# FedBN Baseline - Convergence Rate

## Experiment Introduction

The **FedBN - Convergence Rate** baseline is based on the paper [FEDBN: FEDERATED LEARNING ON NON-IID FEATURES VIA LOCAL BATCH NORMALIZATION](https://arxiv.org/pdf/2102.07623.pdf) and reproduces the results presented in *Chapter 5 - Convergence Rate (Figure 3)*. The implementation is based on the Flower federated learning framework. This experiment uses 5 completely different image datasets of digits to emulate a non-IID data distribution over the different clients. The experiment therefore uses 5 clients for the training. The local training is set up to perform 1 epoch and it uses a CNN model together with the SGD optimizer (cross-entropy loss).

## Dataset 

### General Overview

The following 5 different datasets are used to simulate a non-IID data distribution over 5 clients:

* [MNIST](https://ieeexplore.ieee.org/document/726791)
* [MNIST-M]((https://arxiv.org/pdf/1505.07818.pdf))
* [SVHN](http://ufldl.stanford.edu/housenumbers/nips2011_housenumbers.pdf)
* [USPS](https://ieeexplore.ieee.org/document/291440)
* [SynthDigits](https://arxiv.org/pdf/1505.07818.pdf)

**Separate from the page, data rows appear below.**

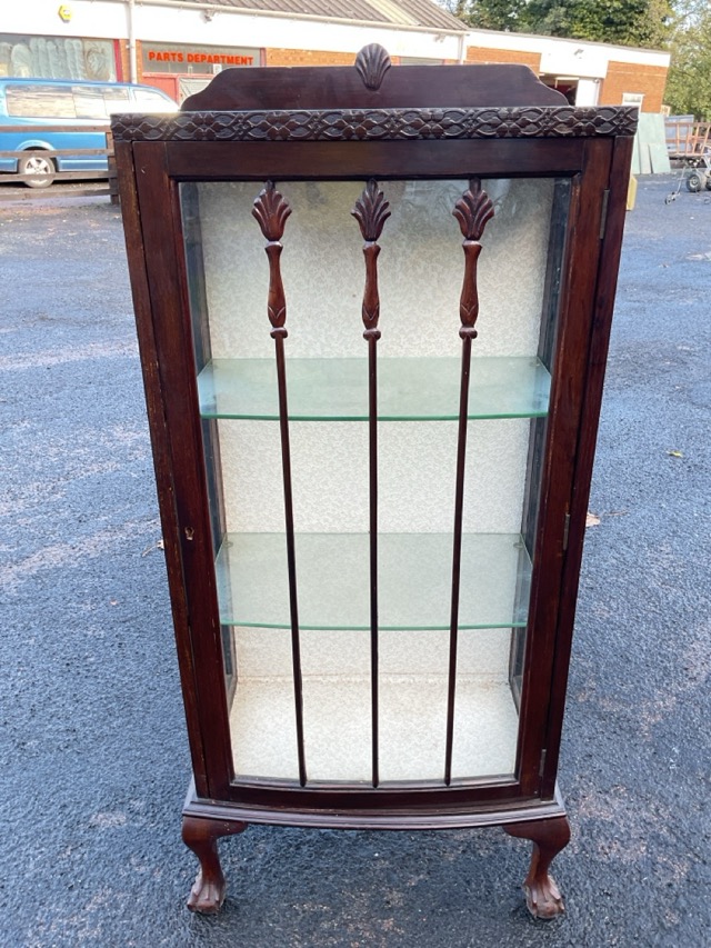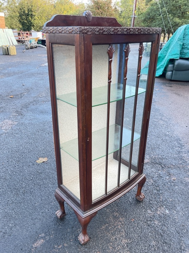 A mahogany glazed display cabinet, the top with shaped back and blind fretwork above a door with leaf carved bars, raised on cabriole legs with ball-and-claw feet. (24.25in x 13in x 52.25in)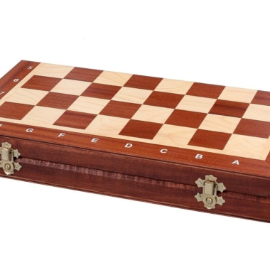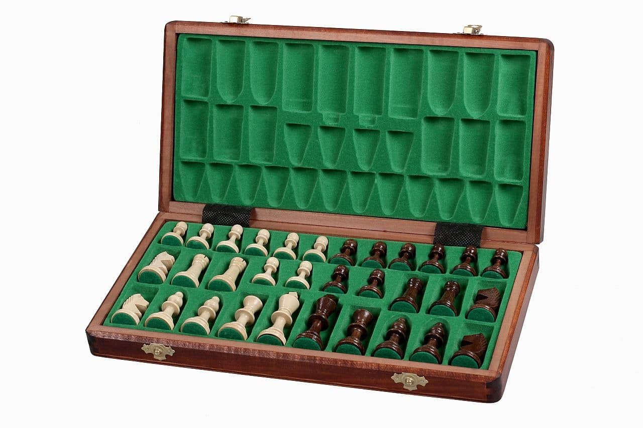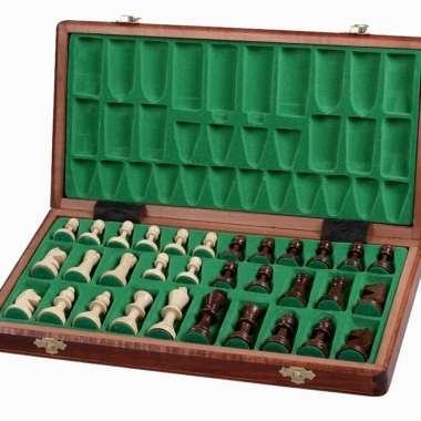 Se asocian a un tablero de ajedrez de madera de sicomoro y caoba de dimensiones 34,5 x 34,5 x 2,5 cm abierto (34,5 x 17,5 x 5 cm plegado).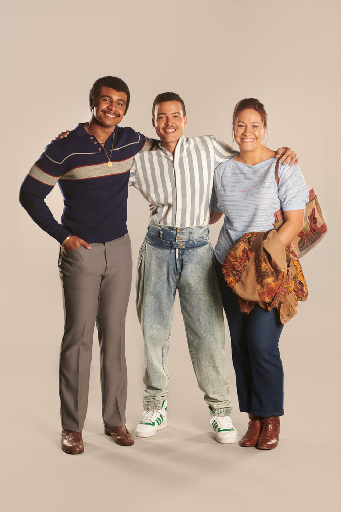 Joseph Lee Anderson as Rocky Johnson, Bradley Constant as Dwayne 15yrs, Stacey Leilua as Ata Johnson in YOUNG ROCK – Season 1 | ©2021 NBC/Mark Taylor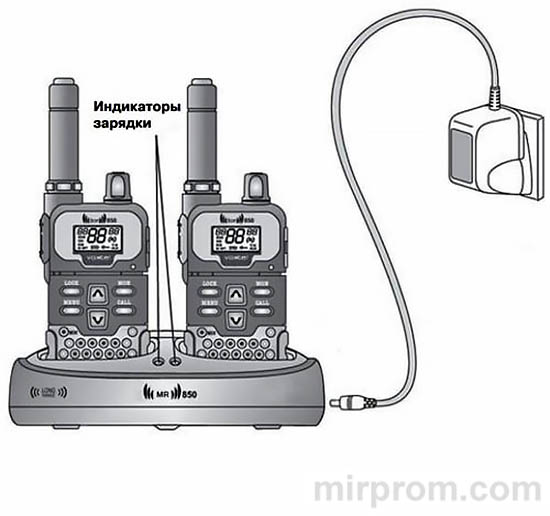 с. Установите радиостанции на зарядное устройство вертикально как показано на рисунке. Индикатор зарядки загорится.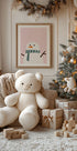 A charming snowman stands in the middle of a gentle snowfall in front of a pink, pastel-colored sky. Small birds settle around him and give the scene life and warmth, while a playful line and soft colors create a calm, cozy winter atmosphere. Perfect for the children's room or the Christmas nook. A sweet gift idea for winter comfort and snowy dreams.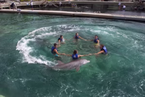 • Enjoy 30 or 45 minutes of guided dolphin interaction in crystal-clear waters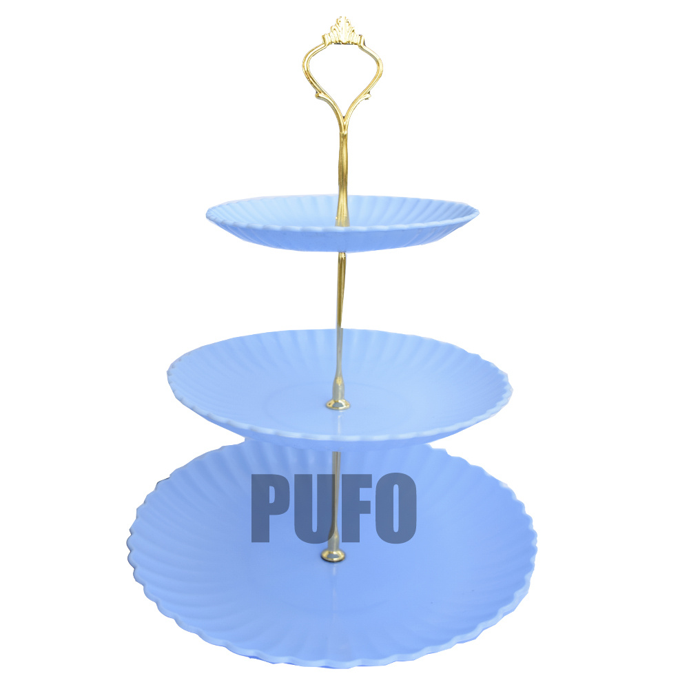 Fructiera etajata Pufo Candy cu 3 nivele, pentru prajituri, torturi, fructe, aperitive, maner metalic, albastru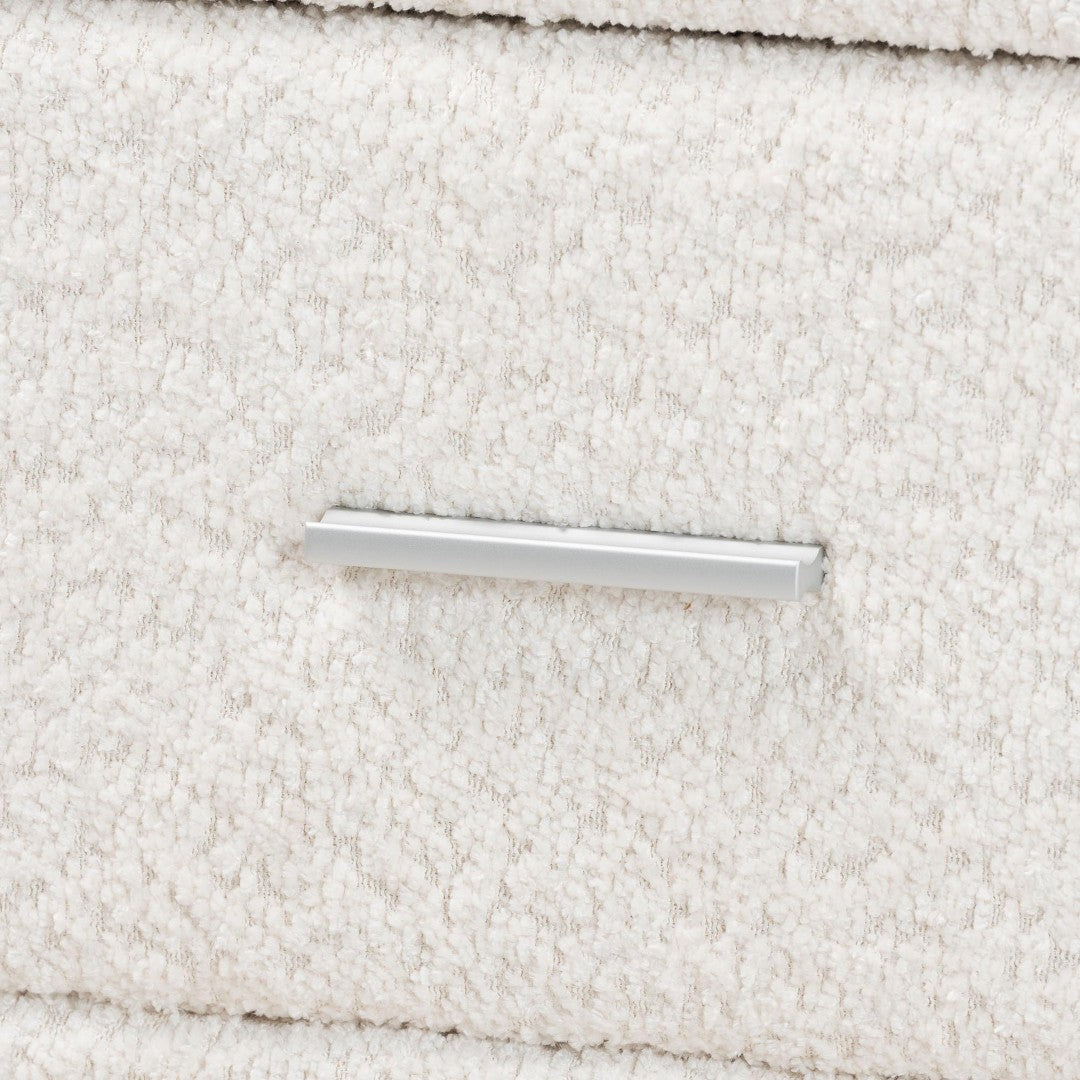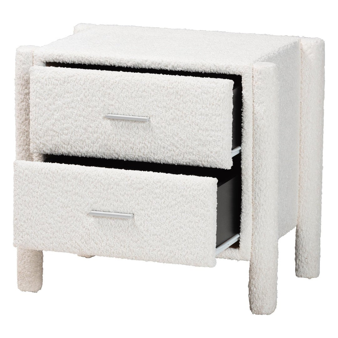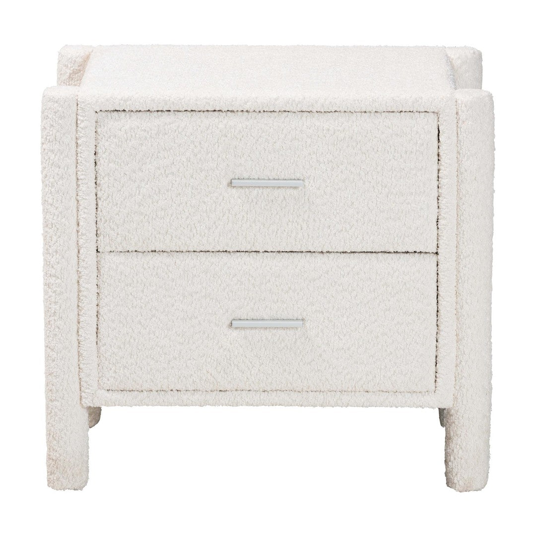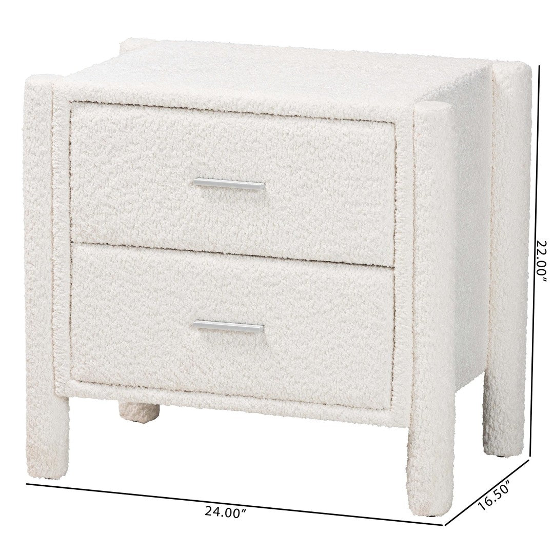 Bring soft, modern comfort to your bedroom with this plush two-drawer nightstand. Upholstered in luxurious teddy-bear fabric and built on a solid wood frame, it blends tactile warmth with clean contemporary lines to create a serene bedside focal point. The padded exterior, rounded posts, and minimalist hardware make it equally suited for cozy and modern interiors, while two interlocking drawers keep bedside essentials neatly organized.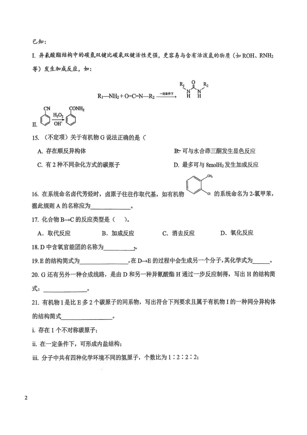 【26化学考研复试真题】专业英语第2题:常见反应名称的汉译英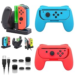 MULTIFUNCTION - Can charging 4 contoller for Joycons or 1 for Pro Controller and 2 contoller for Joycons at the same time.(No include Switch, contoller for Joycons and for Pro Controller) GET READY FOR PLAY - It is safe and convenient to put your Switch Team on this display stand, and keep them organized and ready for play. It's also allows you to maintain a clean and neat desktop. SUGGESTION - If you want to use our dock to charge your Switch Console, you can use Switch Official ac adapter to connect the dock, then the charging speed will be faster. FASTSNAIL EXCLUSIVE MATERIALS - FASTSNAIL grips made of exclusive materials, with premium rubber non-slip matte surface for excellent grip. DIFFERENT with the other grips on Amazon. Scratch free, attractive appearance, touch is the best. ERGONOMIC DESIGN - IMPROVER SL and SR buttons to extend the lifespan. Ergonomic design provides superior grip and enhanced comfort. Allow you to play for longer such for Mario Kart and Street Fighter Ultra.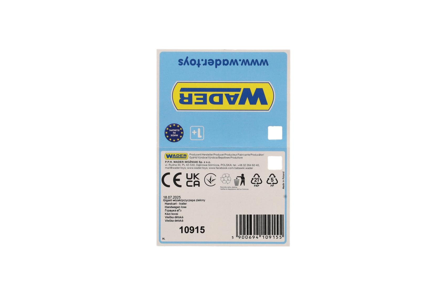 Dětská vlečka Wader v barevném provedení červeno-zelená je pěkná hračka pro kluky. Robustní vozík s nosností až 60kg bude ideálním pomocníkem na pískovišti i při pomoci rodičům na zahradě. Vozík uveze i menší dítě a to už bude opravdu velká zábava. Vhodné od 12 měsíců.

A more detailed explanation of the datasets is given in the following table.

|     | MNIST     | MNIST-M   | SVHN  |  USPS    | SynthDigits |
|--- |---        |---        |---    |---            |---    |
| data type| handwritten digits| MNIST modification randomly colored with colored patches| Street view house numbers | handwritten digits from envelopes by the U.S. Postal Service | Syntehtic digits Windows TM font varying the orientation, blur and stroke colors |
| color | greyscale | RGB | RGB | greyscale | RGB |
| pixelsize | 28x28 | 28 x 28 | 32 x32 | 16 x16 | 32 x32 |
| labels | 0-9 | 0-9 | 1-10 | 0-9 | 1-10 |
| number of trainset | 60.000 | 60.000 | 73.257 | 9,298 | 50.000 |
| number of testset| 10.000 | 10.000 | 26.032 | - | - |
| image shape | (28,28) | (28,28,3) | (32,32,3) | (16,16) | (32,32,3) |

### Dataset Download

The [FedBN](https://arxiv.org/pdf/2102.07623.pdf) authors prepared a preprocessed dataset on their GitHub repository. It is available [here](https://github.com/med-air/FedBN). Please download the dataset, save it in a `/data` directory, and unzip it.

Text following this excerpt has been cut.